Rule Discovery

Multi-agent simulation where autonomous agents discover hidden rules governing a simulated world through experimentation and peer-to-peer communication.

Overview

This project demonstrates automated scientific discovery: multiple AI agents independently run experiments, observe outcomes, identify patterns, and share findings with each other.
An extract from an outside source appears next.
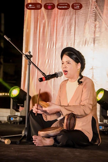 | Nghệ nhân Tạ Hạnh biểu diễn hát Xẩm tại sự kiện văn hóa cộng đồng. (Ảnh: NVCC) |
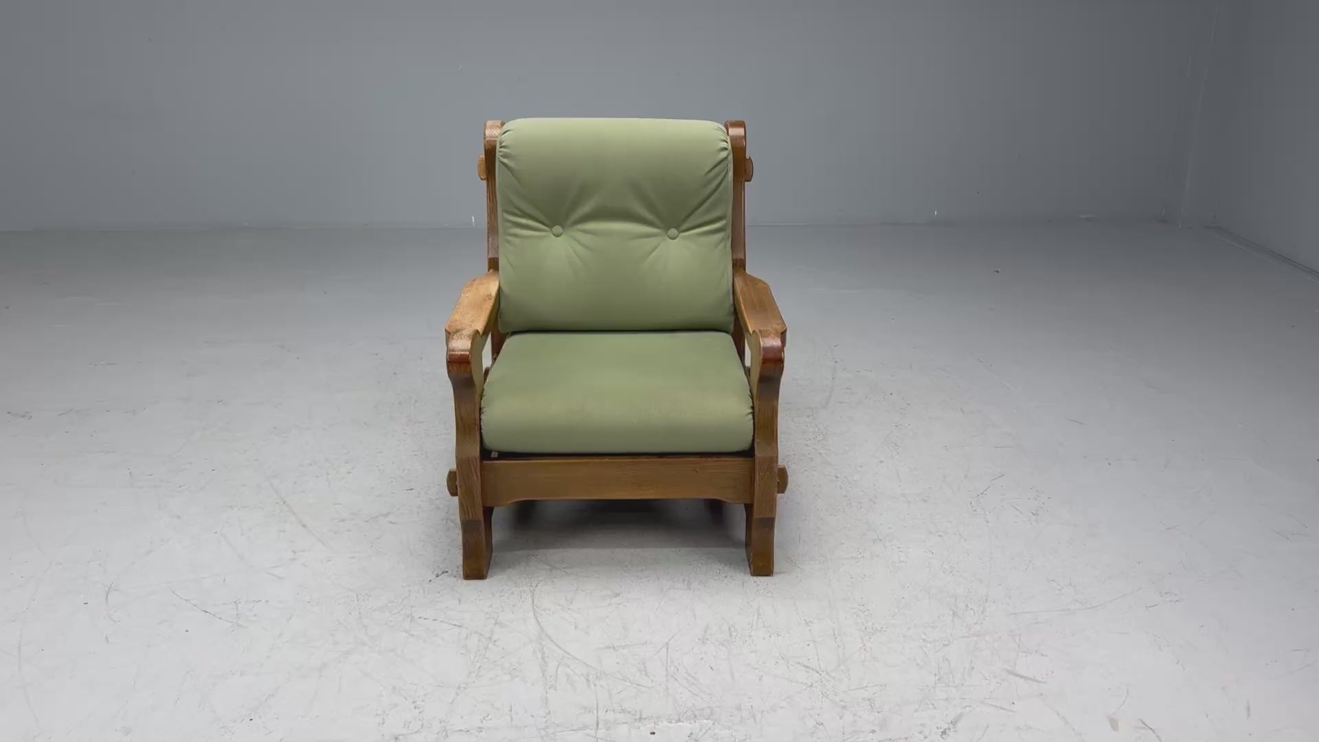 Danish Modern, Oak, Green Nubuck, Brutalist Lounge Chair, Denmark, 1960s

The goal is to discover the hidden rules that govern how objects behave in a simulated world.

Key concepts:

Hidden Rules: The world has secret rules (e.g., “metal conducts electricity”) that agents must discover
Experimentation: Agents propose and run experiments to observe outcomes
Pattern Mining: Agents use statistical correlation to identify rules from observations
Communication: Agents share observations with peers, accelerating collective discovery

The Problem

A simulated world contains objects with properties and hidden rules that determine experimental outcomes.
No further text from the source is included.